Your copy should hold every record exactly and no images.

----------

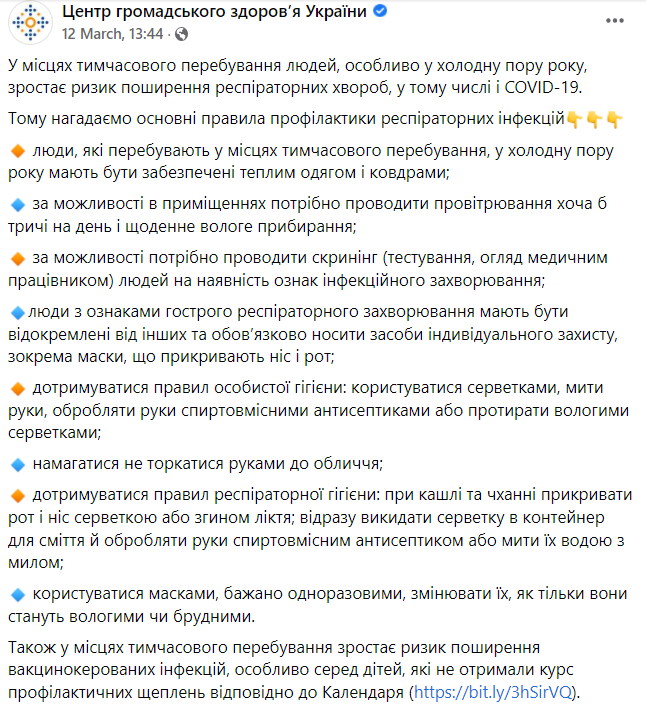 По возможности следует пользоваться медицинскими масками и менять их по мере необходимости. Кроме того, в закрытом пространстве повышается риск заражения респираторными заболеваниями у детей. Чтобы не допустить этого, медики советуют украинцам проверить соблюдение календаря прививок у ребенка и по возможности пройти вакцинацию.
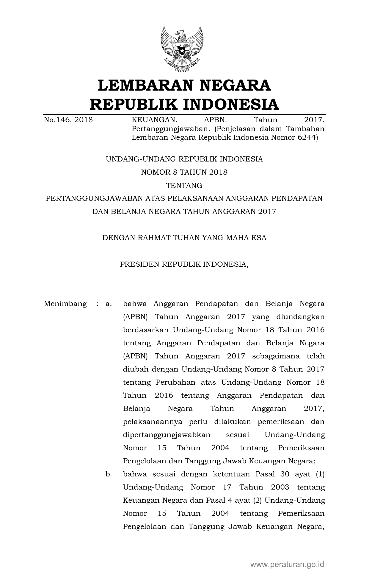 UU Nomor 8 Tahun 2018 | Undang-Undang Nomor 8 Tahun 2018 tentang Pertanggungjawaban Atas Pelaksanaan Anggaran Pendapatan dan Belanja Negara Tahun Anggaran 2017
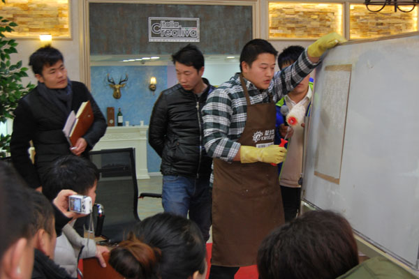 一個優秀的經銷商不僅需要在蒙太奇硅藻泥·手工壁紙總部學習產品理論知識、專業施工節能以及市場營銷策劃等方面的知識,還需要在專業老師的指導下,真正實現理論與實踐的結合。
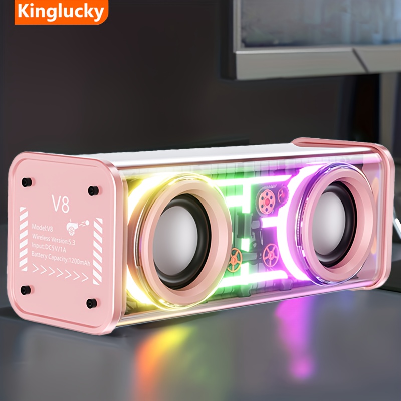[Kinglucky]V8 - New Wireless Speaker, Portable Subwoofer with LED Lights, Stocking Stuffers, Powerful Crystal Clear Sound, All Day Playtime, BT 5.4, TWS Paring, Small Wireless Speaker for Outdoor, Black, White, Halloween Gift
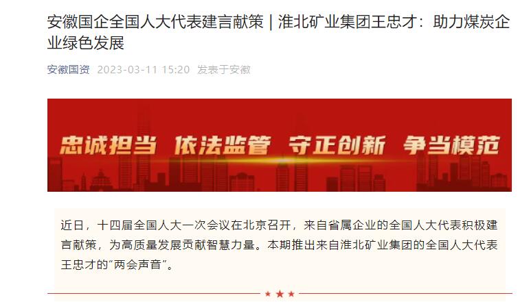 《安徽国资》:安徽国企全国人大代表建言献策 | 淮北矿业集团王忠才:助力煤炭企业绿色发展
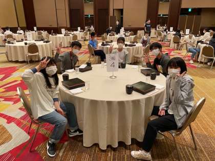 朝食会場です。ごちそうさまも忘れません。間隔を保ちながらの、朝食となりました。
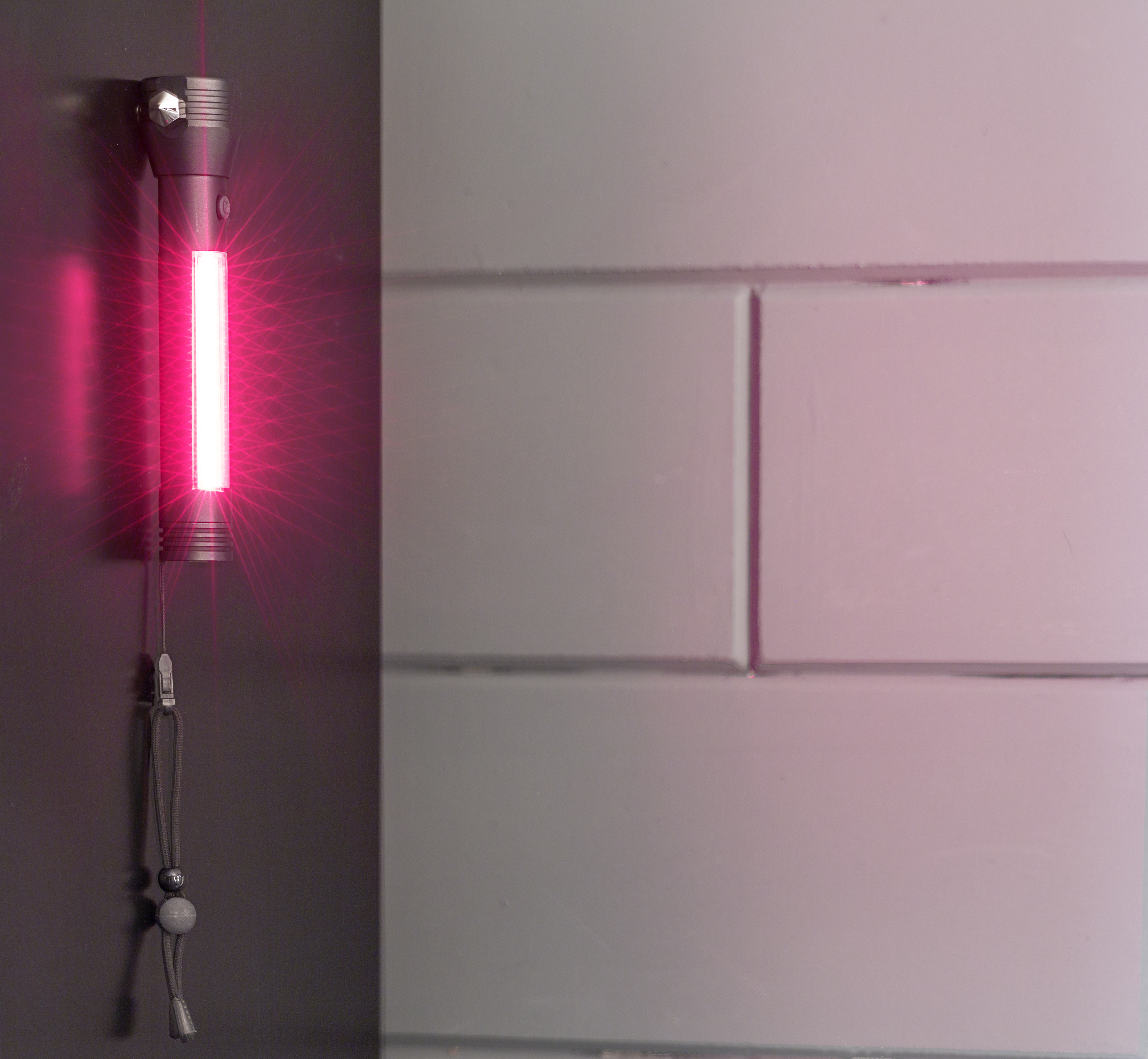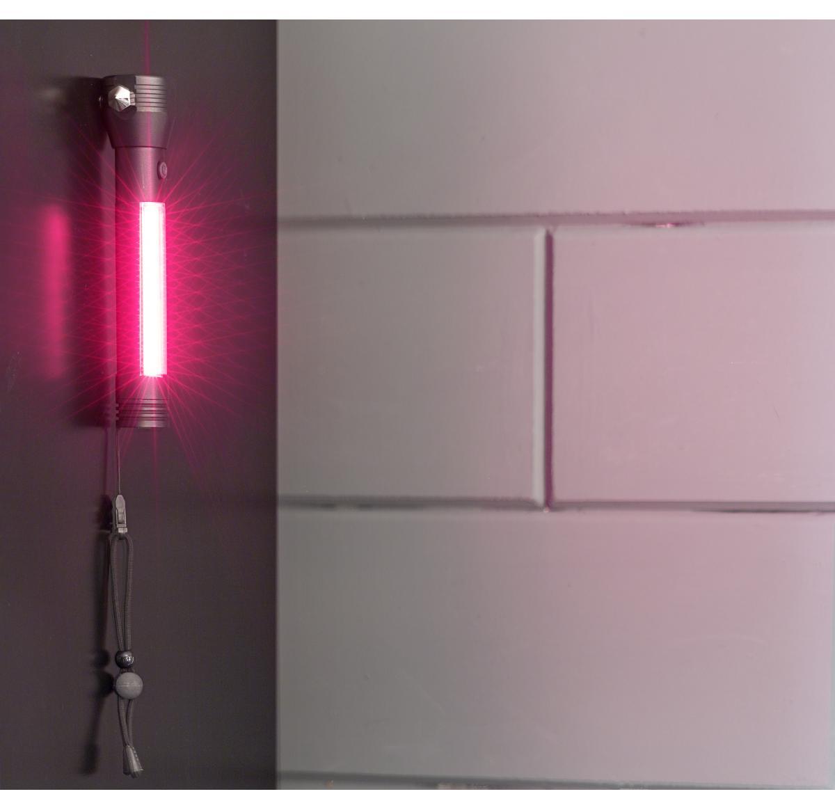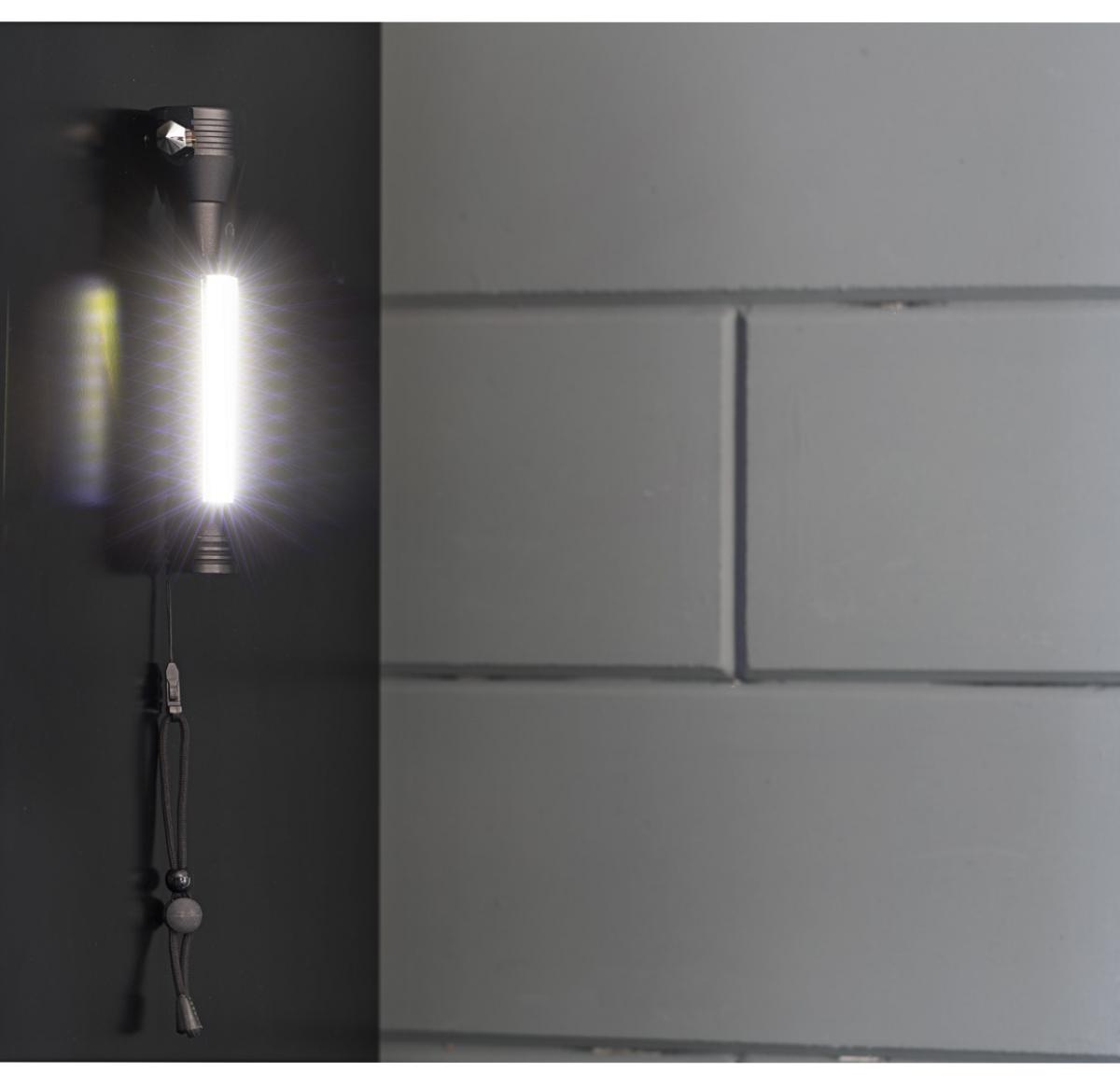 Aluminium, multifunctional COB work light with magnet, seatbelt cutter, safety hammer and wristband.

----------

## WRITTEN SOLUTION
 По возможности следует пользоваться медицинскими масками и менять их по мере необходимости. Кроме того, в закрытом пространстве повышается риск заражения респираторными заболеваниями у детей. Чтобы не допустить этого, медики советуют украинцам проверить соблюдение календаря прививок у ребенка и по возможности пройти вакцинацию.
 UU Nomor 8 Tahun 2018 | Undang-Undang Nomor 8 Tahun 2018 tentang Pertanggungjawaban Atas Pelaksanaan Anggaran Pendapatan dan Belanja Negara Tahun Anggaran 2017
 一個優秀的經銷商不僅需要在蒙太奇硅藻泥·手工壁紙總部學習產品理論知識、專業施工節能以及市場營銷策劃等方面的知識,還需要在專業老師的指導下,真正實現理論與實踐的結合。
[Kinglucky]V8 - New Wireless Speaker, Portable Subwoofer with LED Lights, Stocking Stuffers, Powerful Crystal Clear Sound, All Day Playtime, BT 5.4, TWS Paring, Small Wireless Speaker for Outdoor, Black, White, Halloween Gift
 《安徽国资》:安徽国企全国人大代表建言献策 | 淮北矿业集团王忠才:助力煤炭企业绿色发展
 朝食会場です。ごちそうさまも忘れません。間隔を保ちながらの、朝食となりました。
 Aluminium, multifunctional COB work light with magnet, seatbelt cutter, safety hammer and wristband.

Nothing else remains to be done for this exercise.